◆ Problem to solve ◆
Nothing but the lines from the start of the entries through the line holding "Leopard Print Tank" is to be repeated, exactly and with pictures excluded.

[Extracted records]
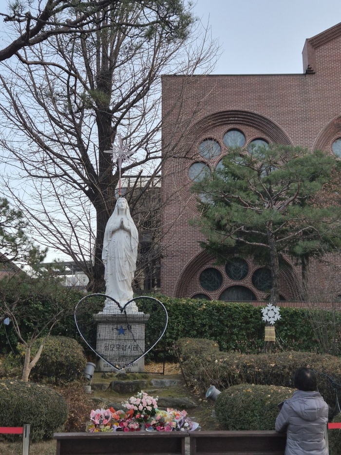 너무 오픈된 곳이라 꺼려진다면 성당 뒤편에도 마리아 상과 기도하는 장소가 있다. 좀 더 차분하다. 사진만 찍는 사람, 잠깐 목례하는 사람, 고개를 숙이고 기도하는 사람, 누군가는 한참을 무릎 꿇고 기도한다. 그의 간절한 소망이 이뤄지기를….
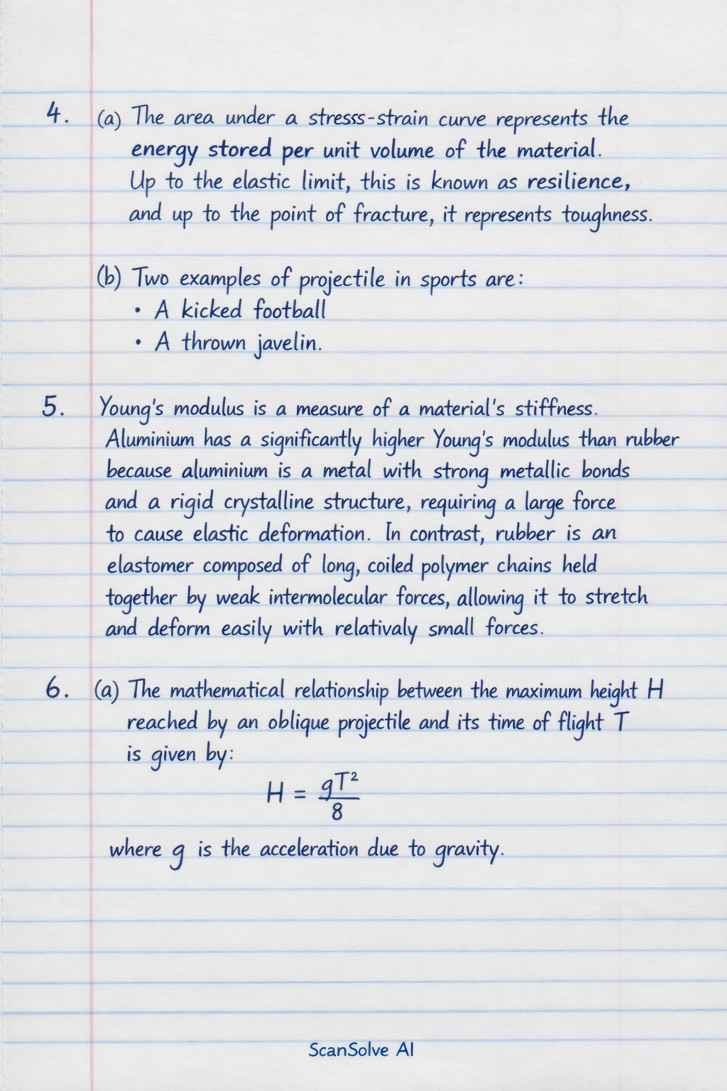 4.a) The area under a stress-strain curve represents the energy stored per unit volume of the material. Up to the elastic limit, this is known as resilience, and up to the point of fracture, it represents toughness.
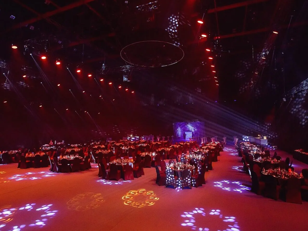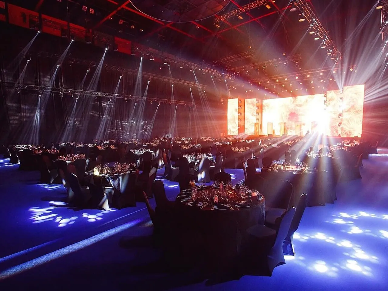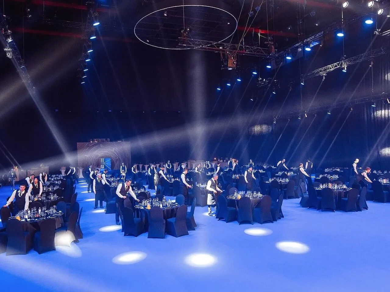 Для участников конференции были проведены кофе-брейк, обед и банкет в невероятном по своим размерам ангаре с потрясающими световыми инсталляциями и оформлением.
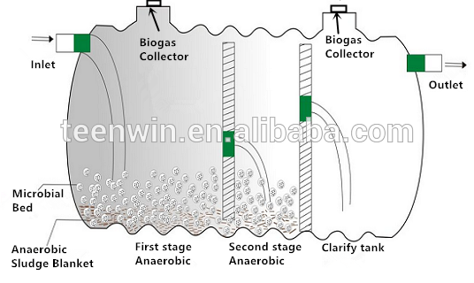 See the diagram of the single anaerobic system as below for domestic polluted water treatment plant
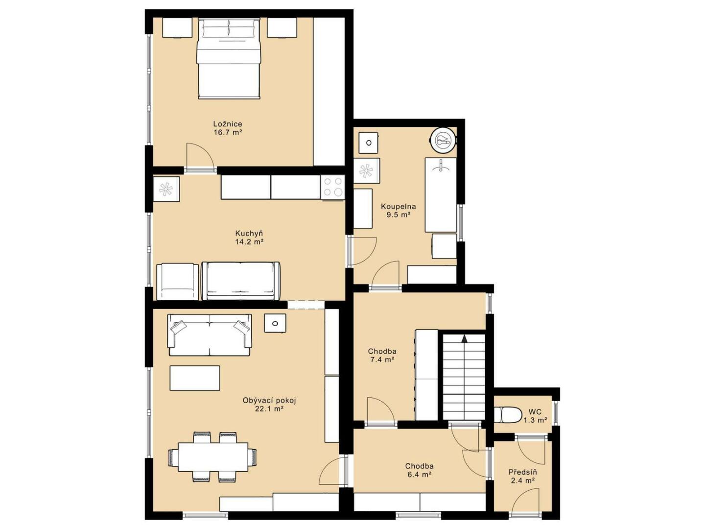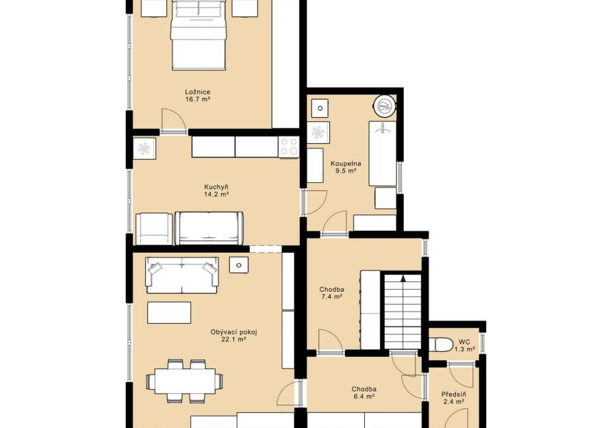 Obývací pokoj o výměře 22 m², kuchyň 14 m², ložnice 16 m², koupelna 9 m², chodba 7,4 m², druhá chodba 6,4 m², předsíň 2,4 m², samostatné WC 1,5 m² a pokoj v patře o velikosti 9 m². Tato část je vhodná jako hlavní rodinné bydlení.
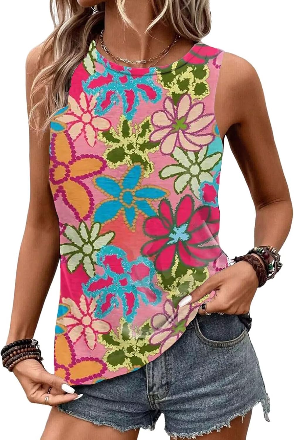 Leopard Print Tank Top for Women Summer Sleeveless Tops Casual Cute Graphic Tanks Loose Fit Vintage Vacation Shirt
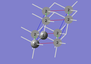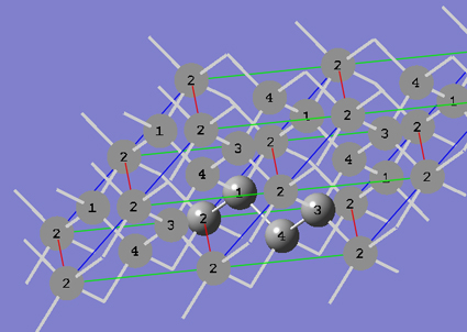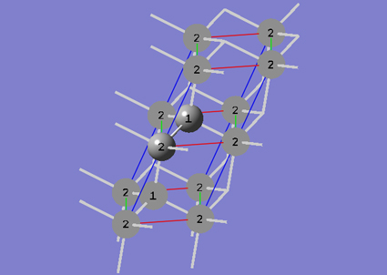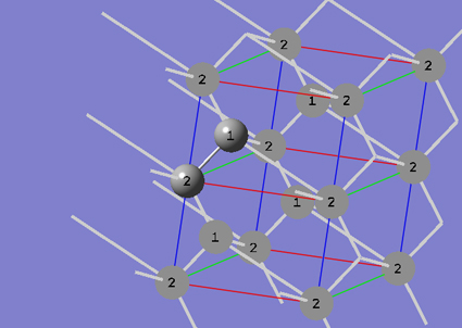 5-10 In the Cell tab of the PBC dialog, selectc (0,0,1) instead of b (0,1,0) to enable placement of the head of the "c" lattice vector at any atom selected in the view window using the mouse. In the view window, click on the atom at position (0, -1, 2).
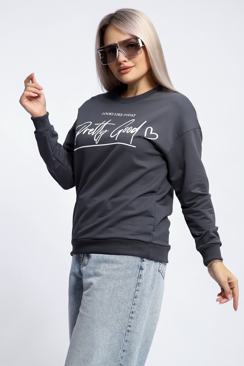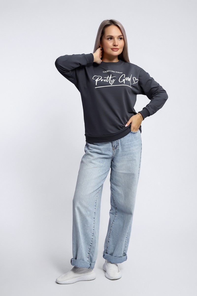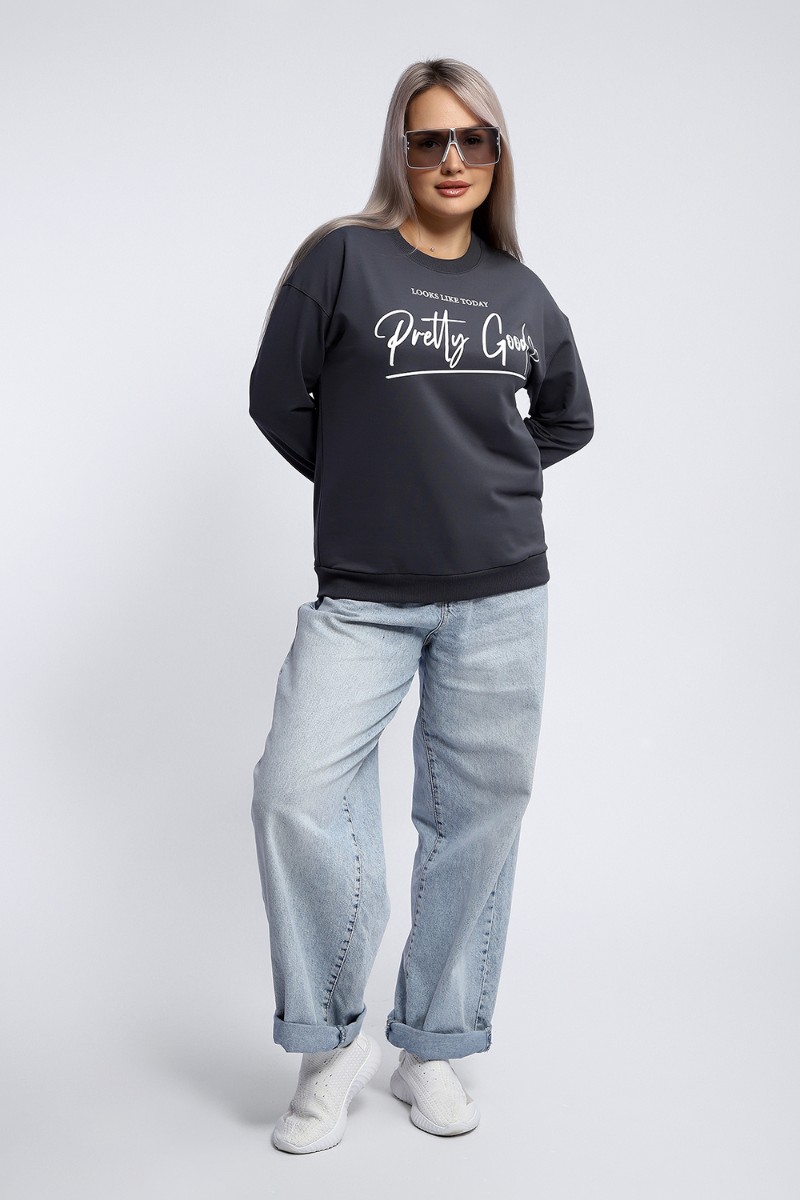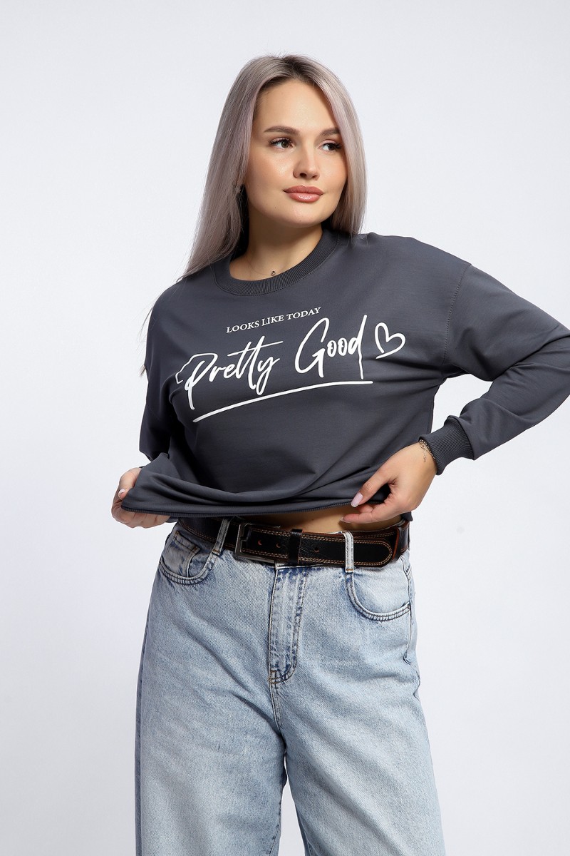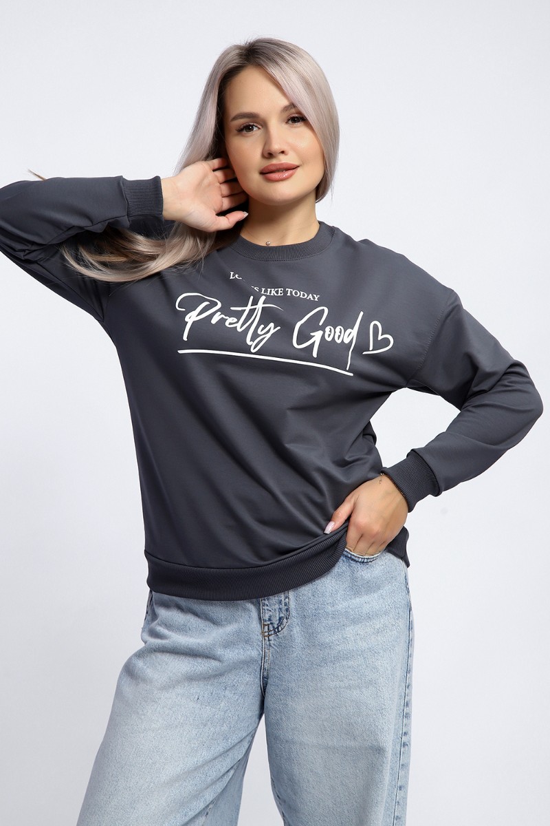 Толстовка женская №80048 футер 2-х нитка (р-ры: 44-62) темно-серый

◆ Completed task ◆
 너무 오픈된 곳이라 꺼려진다면 성당 뒤편에도 마리아 상과 기도하는 장소가 있다. 좀 더 차분하다. 사진만 찍는 사람, 잠깐 목례하는 사람, 고개를 숙이고 기도하는 사람, 누군가는 한참을 무릎 꿇고 기도한다. 그의 간절한 소망이 이뤄지기를….
 4.a) The area under a stress-strain curve represents the energy stored per unit volume of the material. Up to the elastic limit, this is known as resilience, and up to the point of fracture, it represents toughness.
 Для участников конференции были проведены кофе-брейк, обед и банкет в невероятном по своим размерам ангаре с потрясающими световыми инсталляциями и оформлением.
 See the diagram of the single anaerobic system as below for domestic polluted water treatment plant
 Obývací pokoj o výměře 22 m², kuchyň 14 m², ložnice 16 m², koupelna 9 m², chodba 7,4 m², druhá chodba 6,4 m², předsíň 2,4 m², samostatné WC 1,5 m² a pokoj v patře o velikosti 9 m². Tato část je vhodná jako hlavní rodinné bydlení.
 Leopard Print Tank Top for Women Summer Sleeveless Tops Casual Cute Graphic Tanks Loose Fit Vintage Vacation Shirt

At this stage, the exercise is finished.